Опубликовано в журнале Иерусалимский журнал, номер 70, 2024
Набранный только что подзаголовок Памяти Игоря Бяльского пришлось тут же стереть, как если б то была опечатка или чудовищная оговорка. Потому что этого не могло, не должно было произойти – несмотря на множество людей, скопившихся на кладбище, которое находится сбоку от въезда в поселение Текоа, и вопреки знакомым подробностям похоронного обряда.
Но проститься не означает расстаться; расставание же не произошло в силу памяти: на сегодняшний день она остаётся ощутимой составляющей.
Дрожь унялась. Казнь миновала… Время целебно… – дней через десять, слушая кассету, подаренную Игорем много лет назад, невольно подумала, что его уход из жизни был не столько уходом, сколько – по абсурду, по иррациональности – изъятием из неё.
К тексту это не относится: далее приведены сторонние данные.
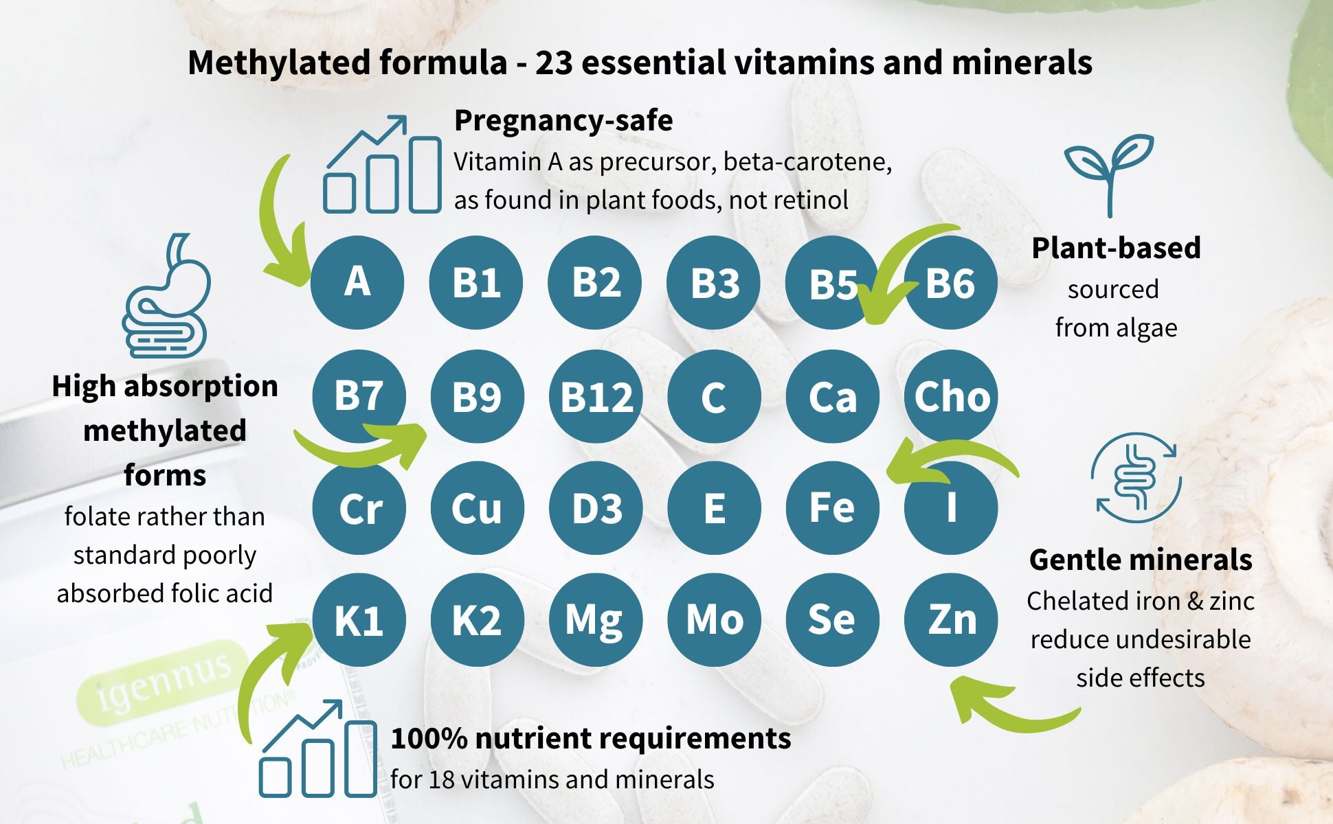 Women during pregnancy and three months postnatal: take 2 tablets daily with food.
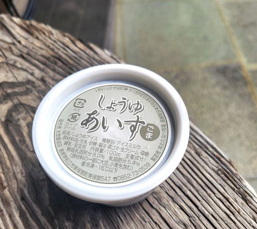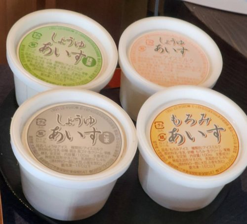太鼓醬油店のしょうゆを使用したアイスクリームは、しょうゆ、ごま、抹茶、もろみの4種類あります。

Всё еще на слуху не однажды произносившееся им – обычно негромко и с улыбкой – обращение к присутствующим, чьё количество могло быть не так уж велико: Люди!.. В зависимости от обстоятельств, оно звучало очень по-разному. Когда я услышала его впервые, ещё в конце девяностых, он – при столкновении лицом к лицу с явной несправедливостью – произнёс его то ли удивлённо, то ли растерянно. Восклицание, сопровождаемое широкой улыбкой, появилось – и утвердилось, быстро став узнаваемым – намного позже.
Он и вообще оказался одним из самых улыбчивых людей, каких можно вспомнить, – так что теперь, уже на видео или на фото, предстаёт улыбающимся или смеющимся. Вот и получилось, что один из таких снимков очутился тогда, 7-го июля нынешнего 2022 года, на новостном сайте: Игорь, слева от текста с известием о его уходе из жизни, смеялся, да ещё как! И меня, уже знавшую о случившемся, ужаснуло немыслимое соседство его, смеющегося чуть не до слёз, с началом некролога…
С ним можно было говорить без оглядки на что бы то ни было. Как-то раз он спросил напрямую, не заботясь о предисловии, почему я не делаю того-то и того-то, а услыхав ответ, тут же согласился:
– Тоже верно.
А вот другой запомнившийся разговор – и вопрос, заданный, что называется, в лоб:
– Скажи, как ты относишься к стихам…? – он назвал известное имя.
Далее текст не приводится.